To maintain its growth momentum in future as well, BCCL is now in the process of further augmenting the capacity of its Caustic Soda Plant from 265 TPD to 300 TPD at a capital investment of Rs 30 cr. The requisite order has already been placed and the expanded capacity is scheduled for commissioning by end of current fiscal. Fundamentally, BCCL is doing quite well as for FY08 it reported 20% and 45% growth in sales and PAT to Rs 174 cr and 49 cr respectively. Notably, BCCL also enjoys the highest operating margins among it peers - even better than Gujarat Alkalies and Chemfab Alkali.

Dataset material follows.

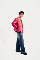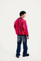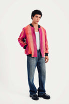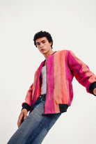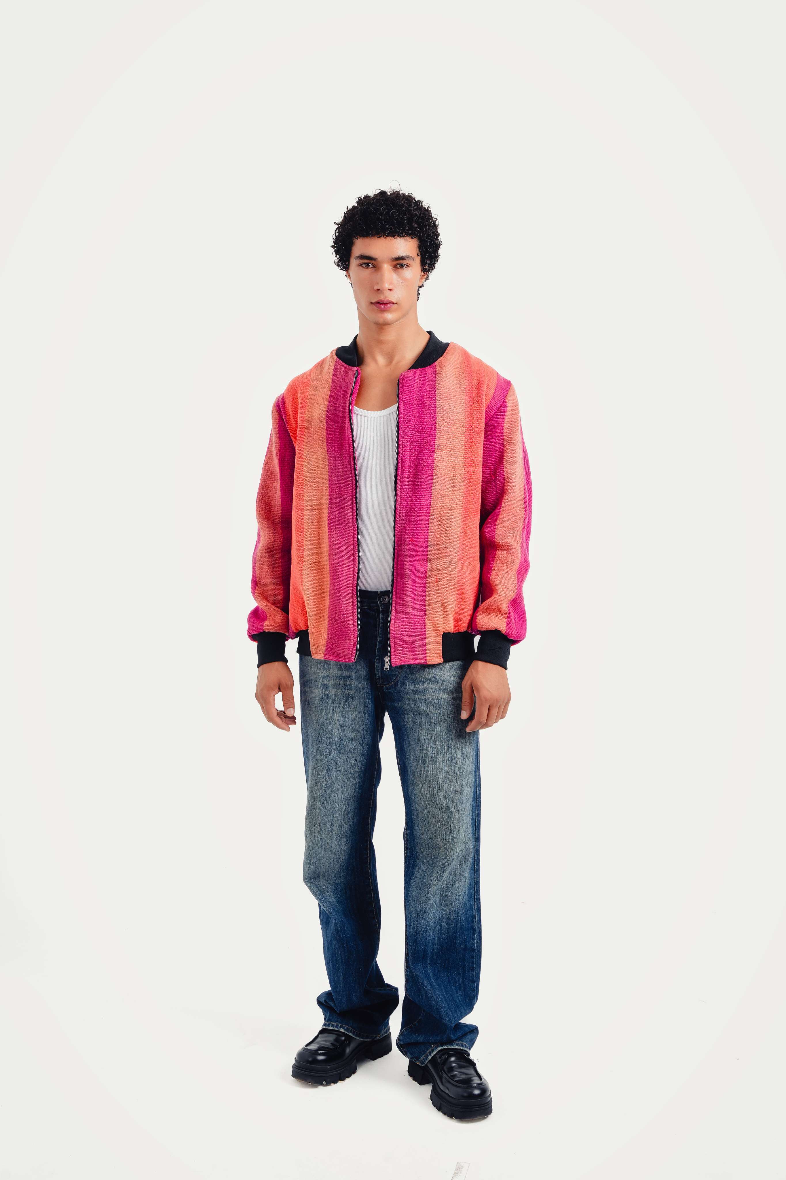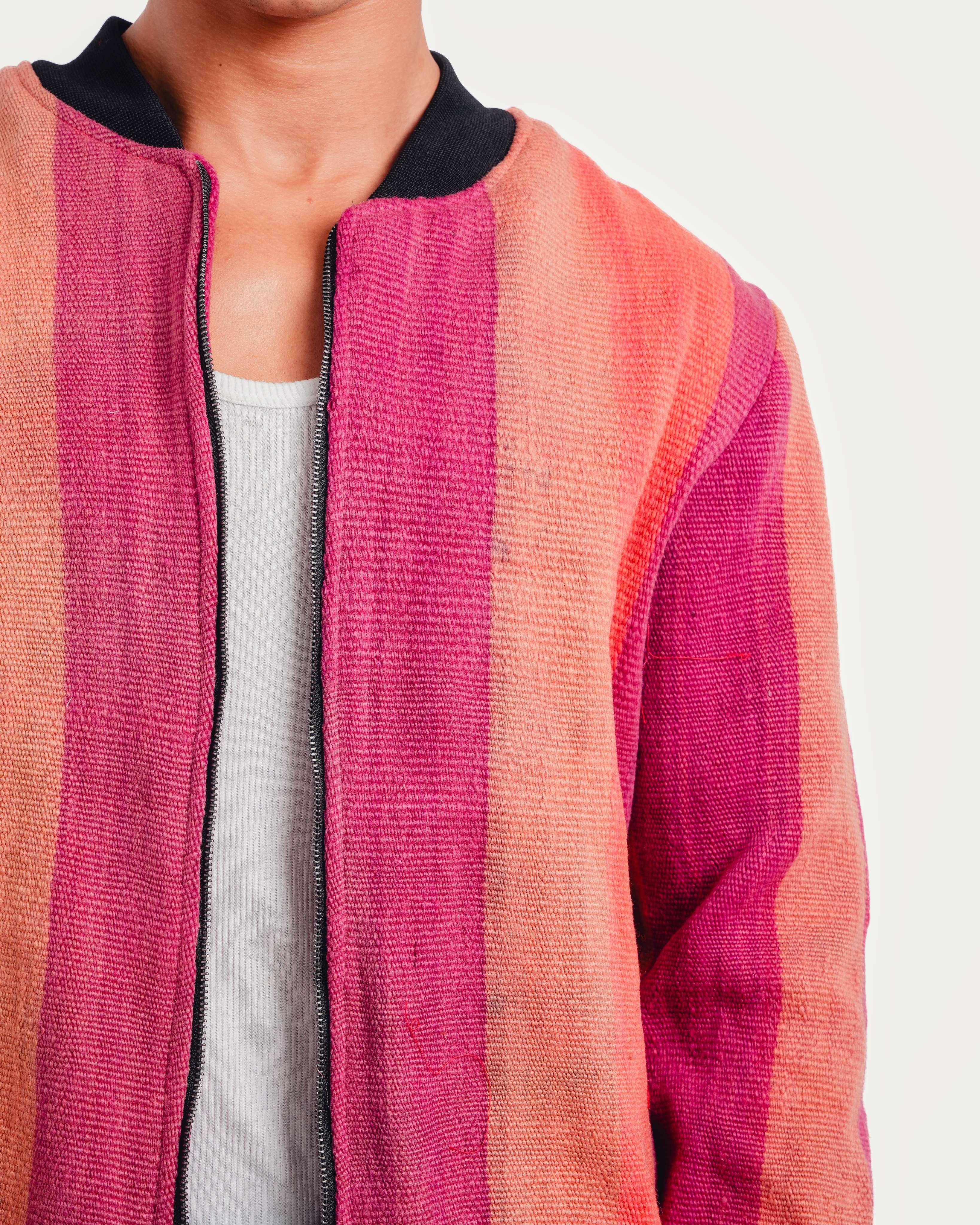- Vibrant Striped Fabric: The jacket is crafted from a thick, heavy, woven textile featuring bold, vertical stripes. The palette is a mix of vivid and warm tones, primarily bright pink, deep fuchsia/magenta, and a pale orange/salmon, contrasted with lines of black or very dark purple.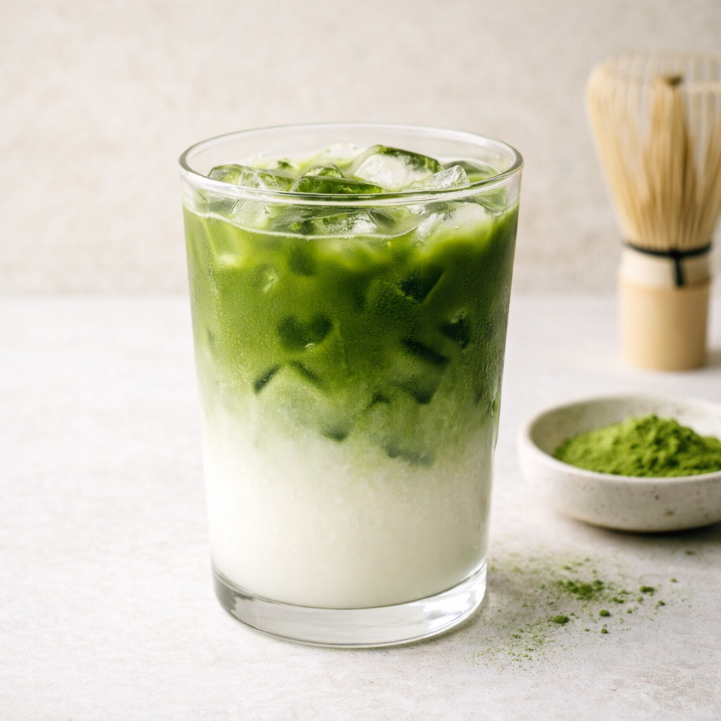 Saf matchanın ve sıcak sütün birleşimiyle ortaya çıkan sade ve yumuşak lezzetini deneyimleyin.

However for the Sept’08 qtr it recorded a drastic fall in profit on the back of very high power and fuel cost as during the quarter the boiler of the power plant tripped due to mal functioning of Safety device. Hopefully things are back to normalcy and company is estimated to report normal profit for coming qtrs. Considering caustic soda price haven fallen much recently and assuming it to remain stable in future, BCCL can clock a turnover of Rs 200 cr and profit of Rs 38 cr i.e. EPS of Rs 16 on equity of Rs 23.40 cr for FY09. To highlight the importance of BCCL being a Aditya Birla group, it will be soon renamed as Aditya Birla Chemicals (India) Ltd. So despite belonging to such a reputed group and having strong fundamentals like high profit margin, low debt equity ratio, huge reserves, good dividend yield, consistent growth etc, scrip is poorly discounted at P/E multiple of less than 2x times and EV/ EBIDTA of 2x times. There is also a possibility of BCCL getting merged with Hindalco industries. But if this happens, the true value of BCCL wont be unlocked, as the merger ratio will more favorable to the parent rather than subsidiary. Still investors are recommended to buy at current levels as scrip can easily double within a year.